§ Aim of the task:
Once the line holding "通过谷歌趋势我们可以了解到一定时期内,产品关键词在搜索引擎上的搜索热度趋势。" is found in the listing below, write it out and each later line exactly, up to and including the one holding "3月17日,通道转兵纪念馆展".

Record set Block Start

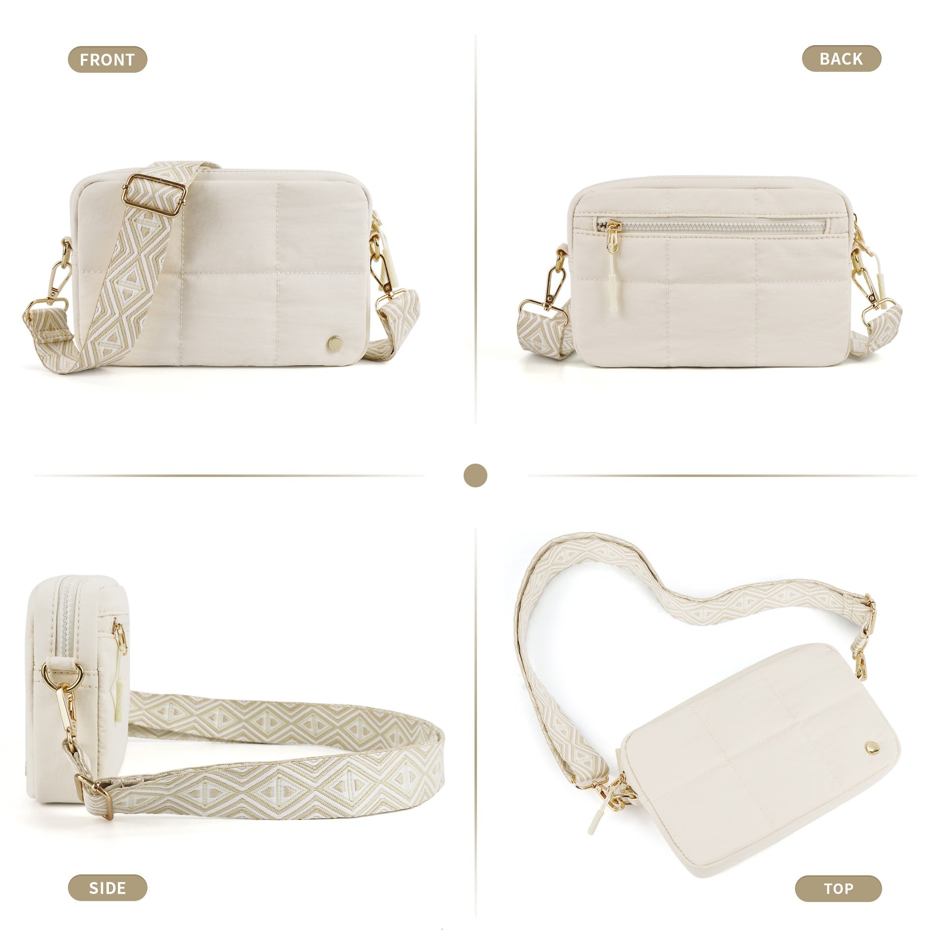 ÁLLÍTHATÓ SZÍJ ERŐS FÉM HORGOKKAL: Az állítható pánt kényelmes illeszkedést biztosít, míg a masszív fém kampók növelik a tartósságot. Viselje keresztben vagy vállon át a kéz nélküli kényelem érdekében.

Record set Block End
Record set Block Start

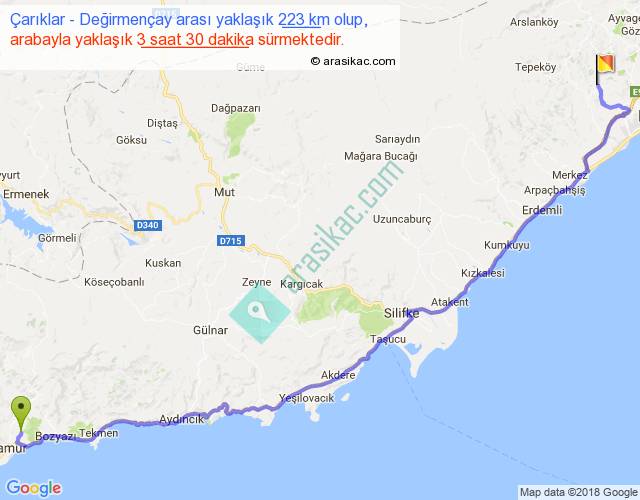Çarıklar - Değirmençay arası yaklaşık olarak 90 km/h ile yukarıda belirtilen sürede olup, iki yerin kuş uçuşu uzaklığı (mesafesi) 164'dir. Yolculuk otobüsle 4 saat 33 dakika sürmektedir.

Record set Block End
Record set Block Start

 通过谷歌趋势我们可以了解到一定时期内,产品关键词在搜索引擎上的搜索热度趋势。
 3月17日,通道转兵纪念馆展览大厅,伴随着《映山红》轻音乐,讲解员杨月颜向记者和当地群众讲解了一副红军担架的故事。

Record set Block End

§ Written solution:
 通过谷歌趋势我们可以了解到一定时期内,产品关键词在搜索引擎上的搜索热度趋势。
 3月17日,通道转兵纪念馆展览大厅,伴随着《映山红》轻音乐,讲解员杨月颜向记者和当地群众讲解了一副红军担架的故事。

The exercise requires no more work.